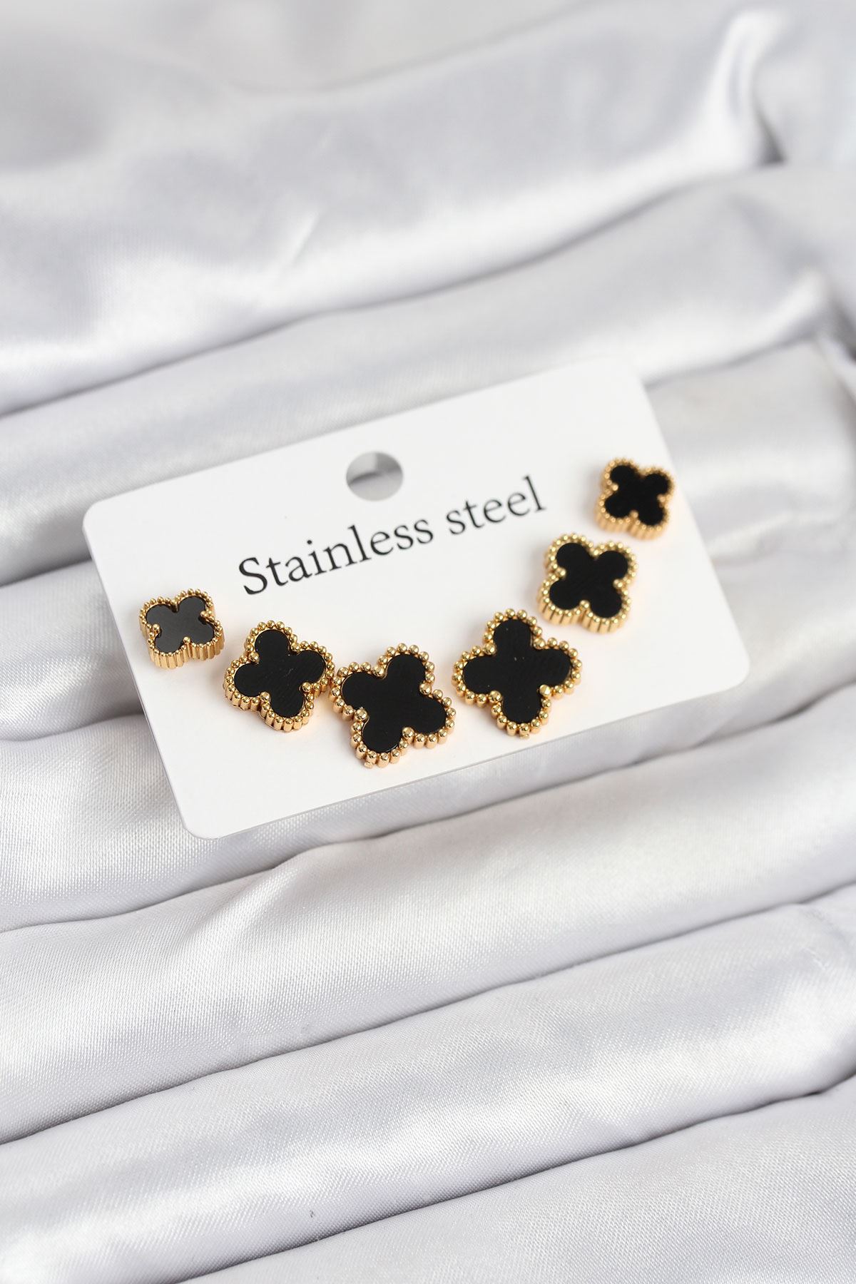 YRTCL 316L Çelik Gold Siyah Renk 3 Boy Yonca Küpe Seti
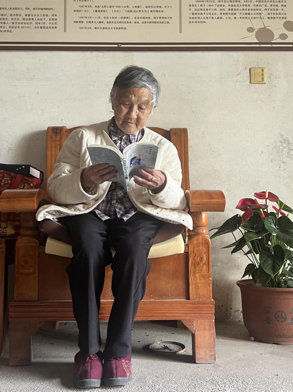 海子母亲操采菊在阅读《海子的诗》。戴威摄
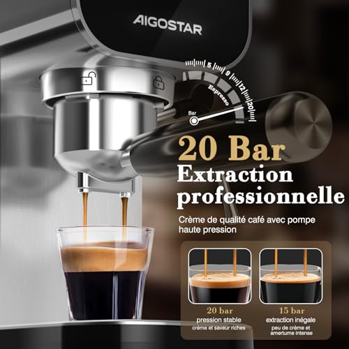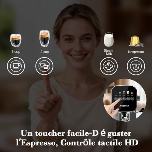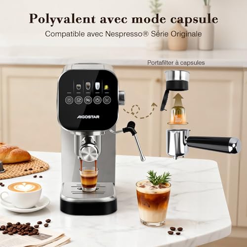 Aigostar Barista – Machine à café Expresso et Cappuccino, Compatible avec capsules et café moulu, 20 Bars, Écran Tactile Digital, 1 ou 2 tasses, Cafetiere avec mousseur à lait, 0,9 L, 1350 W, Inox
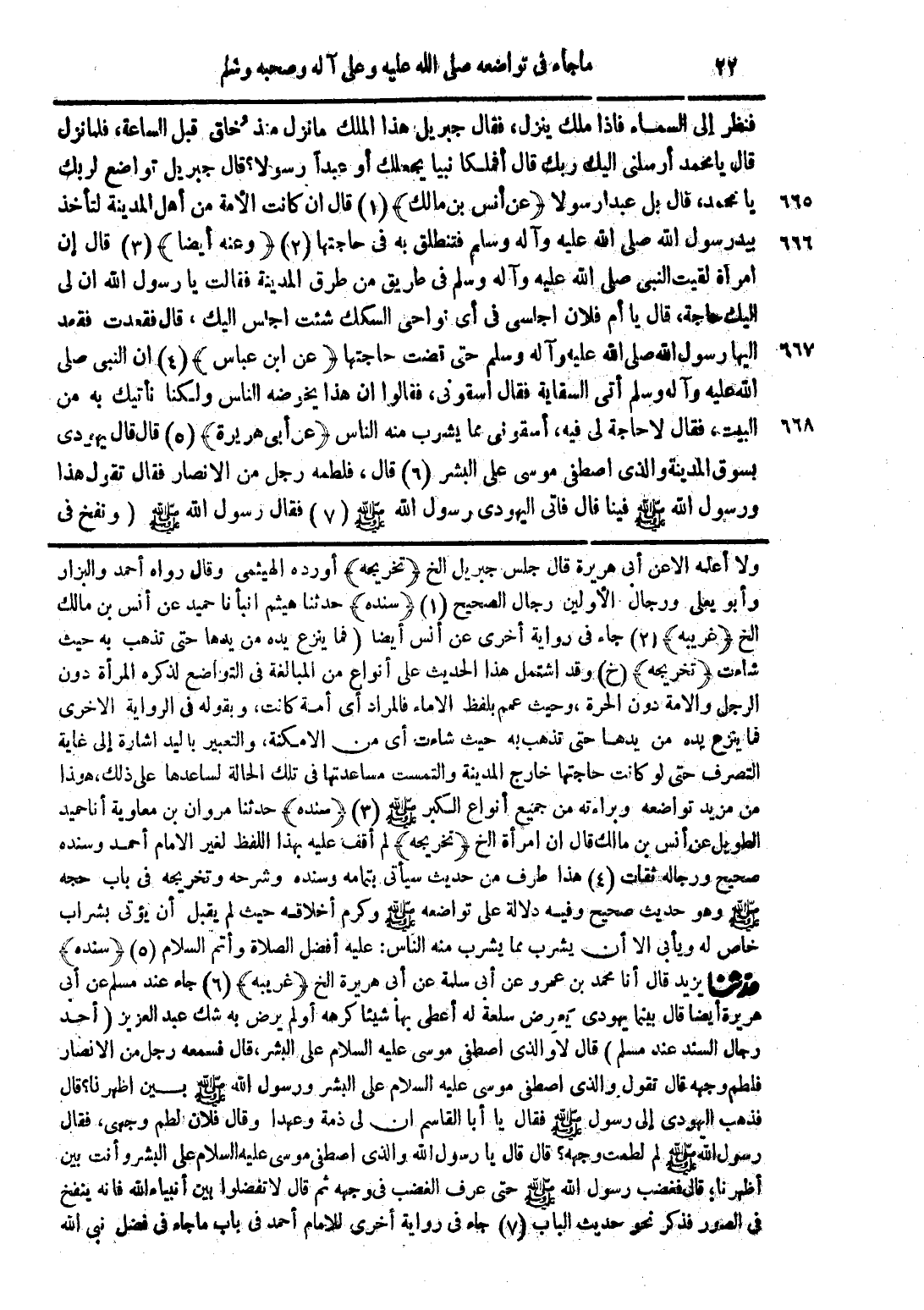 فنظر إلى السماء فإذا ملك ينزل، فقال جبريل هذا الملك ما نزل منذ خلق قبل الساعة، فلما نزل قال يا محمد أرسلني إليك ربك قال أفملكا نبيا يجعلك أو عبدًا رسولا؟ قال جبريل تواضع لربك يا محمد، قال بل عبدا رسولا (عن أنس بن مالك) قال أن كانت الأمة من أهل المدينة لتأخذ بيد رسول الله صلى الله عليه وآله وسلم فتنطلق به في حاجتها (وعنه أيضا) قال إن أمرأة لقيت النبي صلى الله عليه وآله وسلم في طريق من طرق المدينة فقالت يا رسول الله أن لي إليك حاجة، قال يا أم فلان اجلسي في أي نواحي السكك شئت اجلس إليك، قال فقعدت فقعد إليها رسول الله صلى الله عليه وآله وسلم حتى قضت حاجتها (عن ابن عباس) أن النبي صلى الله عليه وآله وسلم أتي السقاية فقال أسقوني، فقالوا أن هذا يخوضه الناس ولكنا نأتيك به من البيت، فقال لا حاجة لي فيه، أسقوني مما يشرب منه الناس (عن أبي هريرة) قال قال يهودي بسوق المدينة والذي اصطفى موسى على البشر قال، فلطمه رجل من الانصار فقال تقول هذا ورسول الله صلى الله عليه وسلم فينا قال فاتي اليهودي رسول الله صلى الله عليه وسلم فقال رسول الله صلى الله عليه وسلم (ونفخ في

TRY IT: Repeat only the lines between the start of the data and the line with "Aigostar Barista –", including those two lines, and skip the pictures.

WORKED SOLUTION:
 YRTCL 316L Çelik Gold Siyah Renk 3 Boy Yonca Küpe Seti
 海子母亲操采菊在阅读《海子的诗》。戴威摄
 Aigostar Barista – Machine à café Expresso et Cappuccino, Compatible avec capsules et café moulu, 20 Bars, Écran Tactile Digital, 1 ou 2 tasses, Cafetiere avec mousseur à lait, 0,9 L, 1350 W, Inox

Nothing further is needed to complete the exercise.